- Your goal -
The answer must consist solely of the lines from the line with "Pinstripe Sharp Shoulder Blazer Toffee" to the end of the data below, transcribed exactly and with no pictures.

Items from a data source
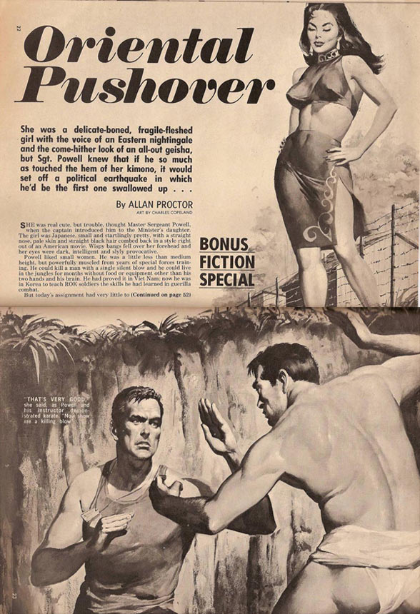 In the mid-1960s MEN gave us a top-notch series of issues from the unbeatable team of editor B.J. Friedman, associate editors Mario Puzo et al, and art director Larry Graber. They lined up writers like James M. Cain and Richard S. Prather, and they used Copeland in almost every issue of that period. MEN ANNUAL #1 and #2 both feature Pussycat comic strips by Bill Ward.
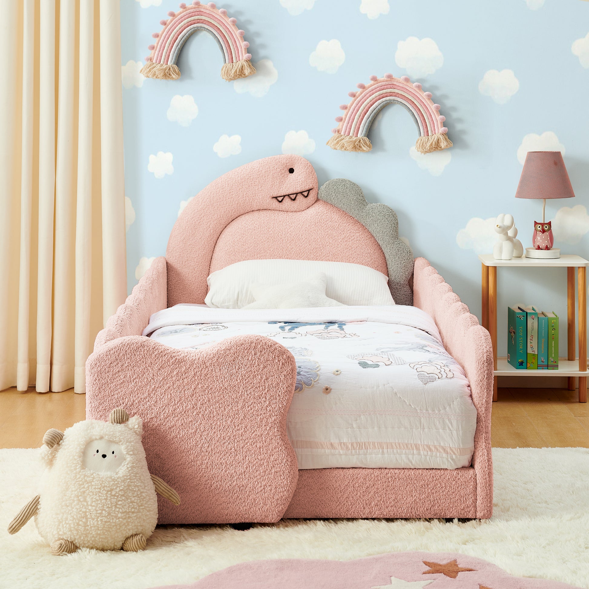 Twin Size Cute Dinosaur-Shaped Kids Bed with Safety Guardraild, Solid Wood Toddler Bed Frame for Children for Bedroom, Boucle Fabric W1413P384917
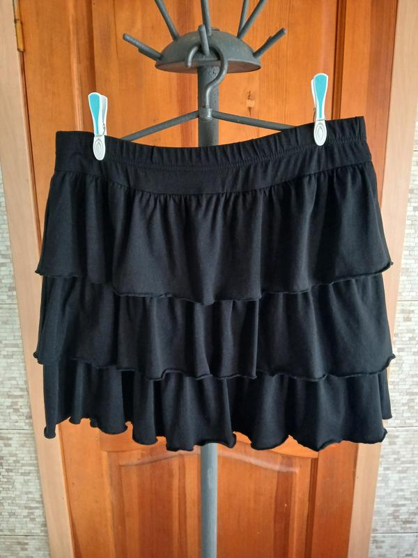 Юбка женская бренда IN EXTENSO, размера 40/L/48 черного цвета в стиле "ламбада", в идеальном состоянии, без нюансов.Замеры на фото: ширина поясу - 40 см.(резинка добре тягнеться) длина - 44 см.
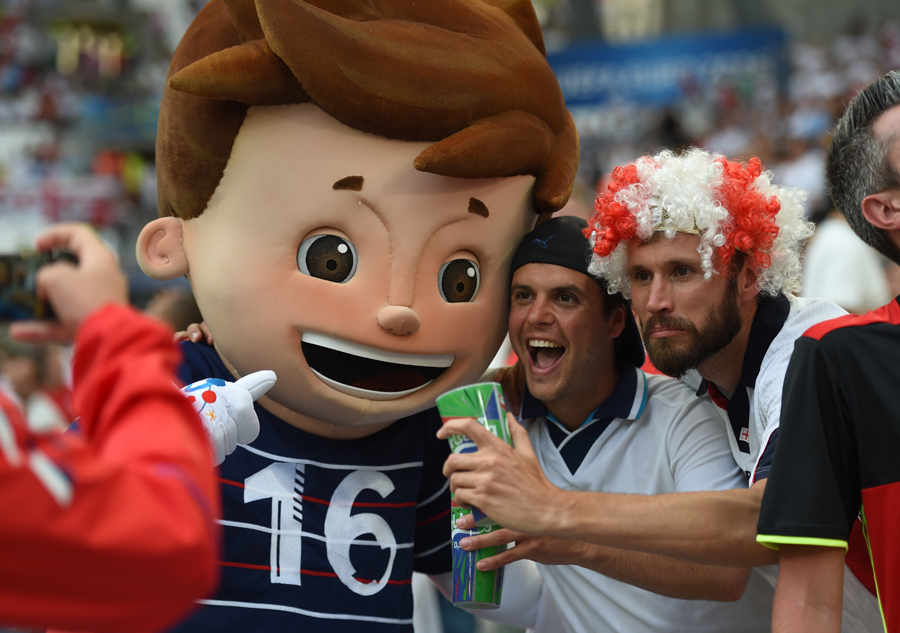 England football fans take pictures with the mascot. [Photo/Xinhua]
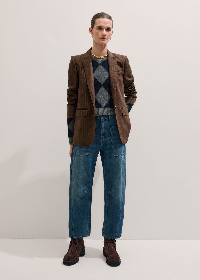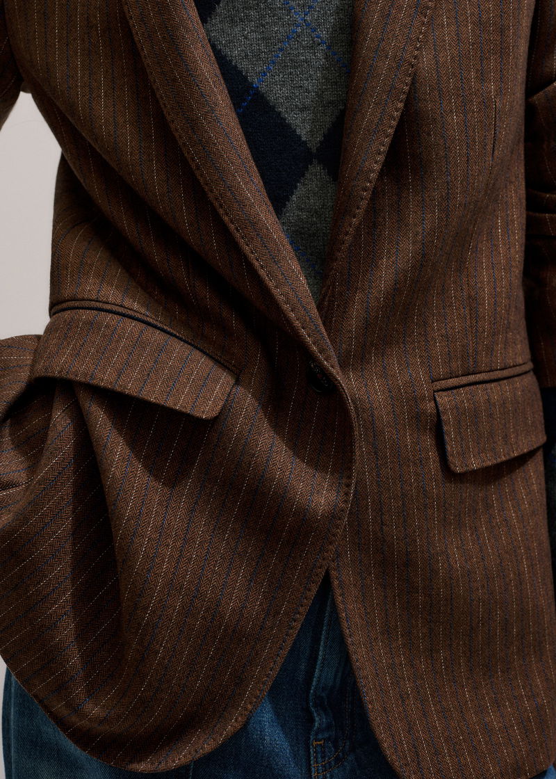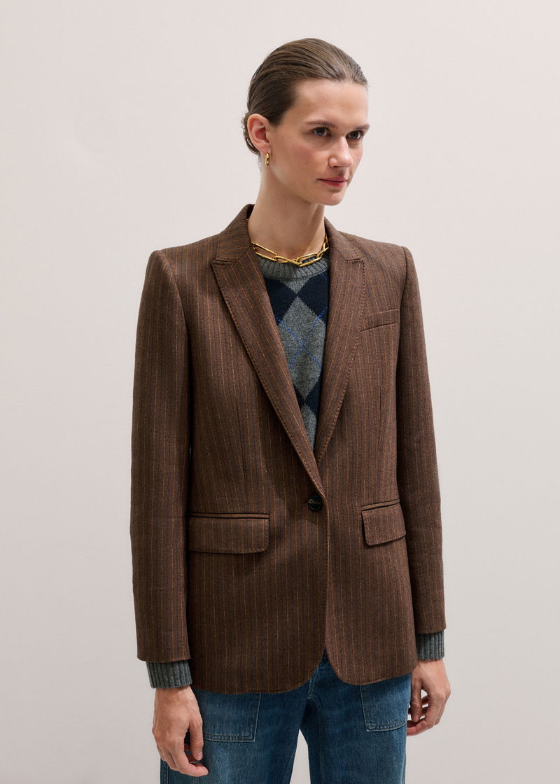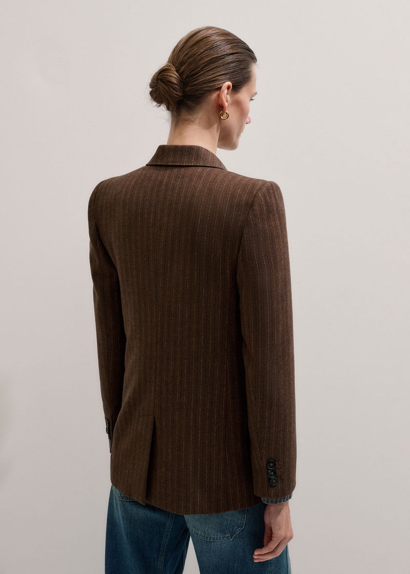 Pinstripe Sharp Shoulder Blazer Toffee
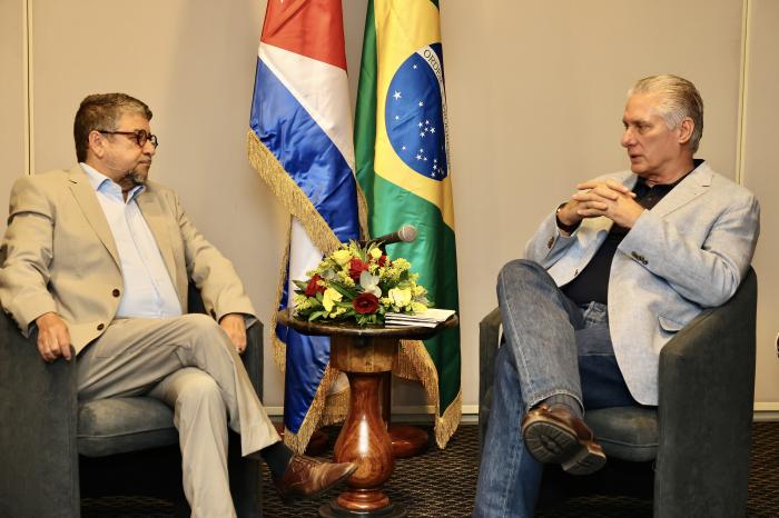 Díaz-Canel, quien ha llegado a la ciudad brasileña para tomar parte en la XVII Cumbre de los Brics, comentó estar al alto de la visita reciente de un equipo técnico del país caribeño al gigante sudamericano; e hizo alusión a los ámbitos biofarmacéutico y biotecnológico como valiosas oportunidades de intercambios entre ambas naciones.

- The answer -
 Pinstripe Sharp Shoulder Blazer Toffee
 Díaz-Canel, quien ha llegado a la ciudad brasileña para tomar parte en la XVII Cumbre de los Brics, comentó estar al alto de la visita reciente de un equipo técnico del país caribeño al gigante sudamericano; e hizo alusión a los ámbitos biofarmacéutico y biotecnológico como valiosas oportunidades de intercambios entre ambas naciones.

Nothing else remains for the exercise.